◆ DIRECTIONS
Reproduce every entry below exactly, minus the pictures.

◆ DATASET CONTENT
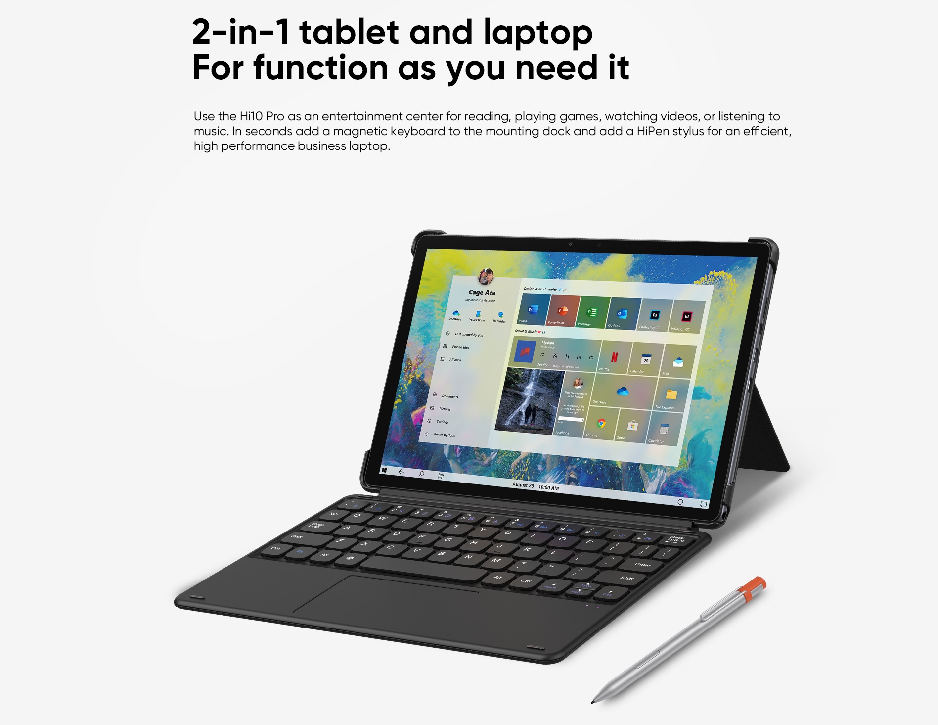 Là một chiếc máy tính được thiết kế để đáp ứng nhu cầu giải trí và công việc, nên chiếc Hi10 Go có thể dễ ràng biến thanh một máy tính bảng ngọn nhẹ hay thành một chiếc laptop thực thụ chỉ với một thao tác. Khi cần làm việc bạn chỉ đơn giản lắp bàn phím vào và bạn có thể thoải mái làm việc như trên một chiếc laptop. Chiếc Hi10 Go cũng hỗ trợ bút cảm ứng Hipen với mức nhận lực lên đến 4096. Bạn có thể viết, vẽ hay nghi chú với chiếc hipen mà không thấy có sự khác biệt với việc sử dụng bút viết trên giấy.
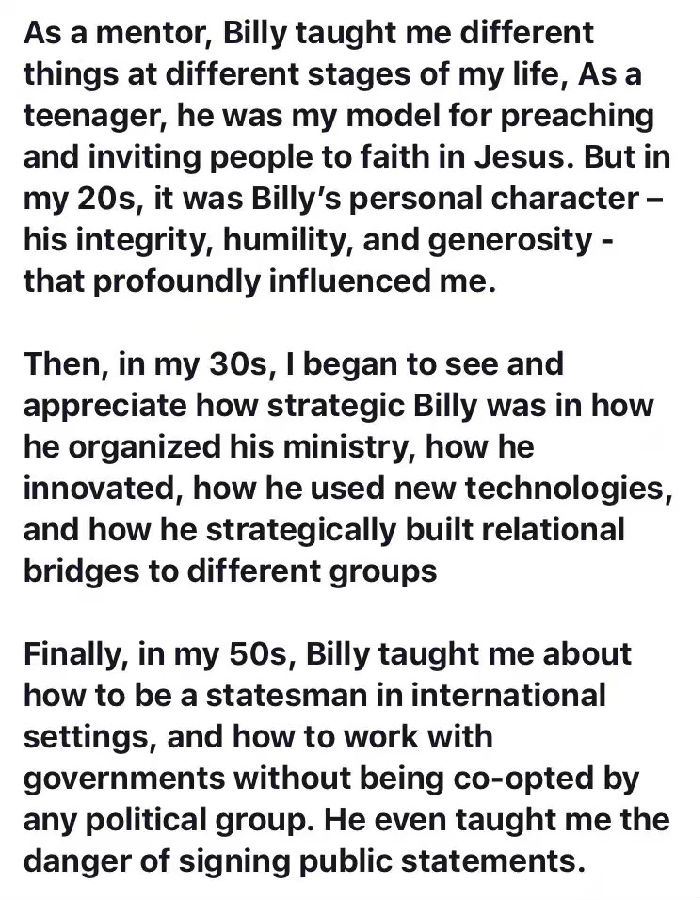 他说:“在我人生的不同年龄阶段,葛培理牧师作为我的导师、好朋友,教了我不同的事情。我十多岁时,他是我的榜样,传扬福音,引人归主;我二十岁时,他的人格、谦卑、大度,深深地影响了我;我三十多岁时,他的组织能力、创新能力、应用高科技、外交协调能力,让我大受裨益;我五十多岁时,他又教了我如何处理政治、国际事务,又不至于受牵制。他甚至教了我如何谨慎签署公开声明。”
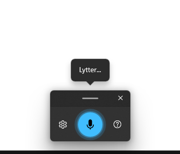 Etter at du har trykt inn Win + H, skal du se det lille bildet under legge seg over programmene dine nederst på skjermen. Den «sier» lytter og da kan du starte å si det du vil skrive.
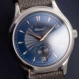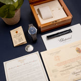 This exclusive Chopard LUC 16/1860/2 with blue guilloché dial is sold complete with its original box, warranty papers, COSC papers, Geneva Seal papers, additional hunter-style caseback, white gold pin buckle, unworn official Chopard strap, manual, and leaflets. The watch is offered in mint condition after having recently undergone a full service and is presented in like new condition.
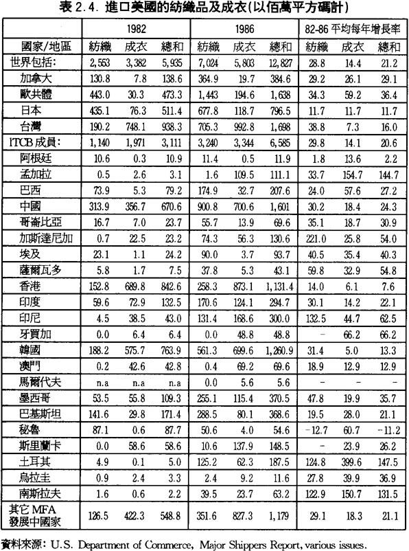 1982年至1990年期間,發展中國家的進口成衣及紡織品都有所增長,由1982年的220億美元上升到1990年的400億美元,增長了81.8%,年增長率爲7.8%(詳見表2.13.)。在這400億美元的進口中,大約有四分之三的貨值是紡織品進口,其餘100億的貨值才是成衣。從中可以觀察到進口紡織品的比例比成衣要高,而其中一個主要原因是很多發展中國家也是成衣出口國,因此需要進口製造成衣原材料,使進口紡織品的比例大過成衣。進口成衣及紡織品的發展中國家大致可分爲兩大類,一爲凈出口國,指一些出口成衣及紡織品貨值大於入口該類產品貨值的國家;二爲凈入口國,是指入口貨值大於出口貨值的國家。早在1982年凈入口國的入口成衣及紡織品貨值是高於凈出口國的,但到了1990年情况剛好相反,凈出口國進口成衣及紡織品的增速遠高於凈入口國,凈出口國在這八年間增長了130%,年增長達11%;而凈入口國在這期間只增長了41.7%,年增長率爲4.5%。凈出口國在這期間紡織品貨值增長比凈入口國快,主要是因爲凈出口國在這個階段裡對於製造成衣的原材料需求增加所致。

◆ EXERCISE RESULT
 Là một chiếc máy tính được thiết kế để đáp ứng nhu cầu giải trí và công việc, nên chiếc Hi10 Go có thể dễ ràng biến thanh một máy tính bảng ngọn nhẹ hay thành một chiếc laptop thực thụ chỉ với một thao tác. Khi cần làm việc bạn chỉ đơn giản lắp bàn phím vào và bạn có thể thoải mái làm việc như trên một chiếc laptop. Chiếc Hi10 Go cũng hỗ trợ bút cảm ứng Hipen với mức nhận lực lên đến 4096. Bạn có thể viết, vẽ hay nghi chú với chiếc hipen mà không thấy có sự khác biệt với việc sử dụng bút viết trên giấy.
 他说:“在我人生的不同年龄阶段,葛培理牧师作为我的导师、好朋友,教了我不同的事情。我十多岁时,他是我的榜样,传扬福音,引人归主;我二十岁时,他的人格、谦卑、大度,深深地影响了我;我三十多岁时,他的组织能力、创新能力、应用高科技、外交协调能力,让我大受裨益;我五十多岁时,他又教了我如何处理政治、国际事务,又不至于受牵制。他甚至教了我如何谨慎签署公开声明。”
 Etter at du har trykt inn Win + H, skal du se det lille bildet under legge seg over programmene dine nederst på skjermen. Den «sier» lytter og da kan du starte å si det du vil skrive.
 This exclusive Chopard LUC 16/1860/2 with blue guilloché dial is sold complete with its original box, warranty papers, COSC papers, Geneva Seal papers, additional hunter-style caseback, white gold pin buckle, unworn official Chopard strap, manual, and leaflets. The watch is offered in mint condition after having recently undergone a full service and is presented in like new condition.
 1982年至1990年期間,發展中國家的進口成衣及紡織品都有所增長,由1982年的220億美元上升到1990年的400億美元,增長了81.8%,年增長率爲7.8%(詳見表2.13.)。在這400億美元的進口中,大約有四分之三的貨值是紡織品進口,其餘100億的貨值才是成衣。從中可以觀察到進口紡織品的比例比成衣要高,而其中一個主要原因是很多發展中國家也是成衣出口國,因此需要進口製造成衣原材料,使進口紡織品的比例大過成衣。進口成衣及紡織品的發展中國家大致可分爲兩大類,一爲凈出口國,指一些出口成衣及紡織品貨值大於入口該類產品貨值的國家;二爲凈入口國,是指入口貨值大於出口貨值的國家。早在1982年凈入口國的入口成衣及紡織品貨值是高於凈出口國的,但到了1990年情况剛好相反,凈出口國進口成衣及紡織品的增速遠高於凈入口國,凈出口國在這八年間增長了130%,年增長達11%;而凈入口國在這期間只增長了41.7%,年增長率爲4.5%。凈出口國在這期間紡織品貨值增長比凈入口國快,主要是因爲凈出口國在這個階段裡對於製造成衣的原材料需求增加所致。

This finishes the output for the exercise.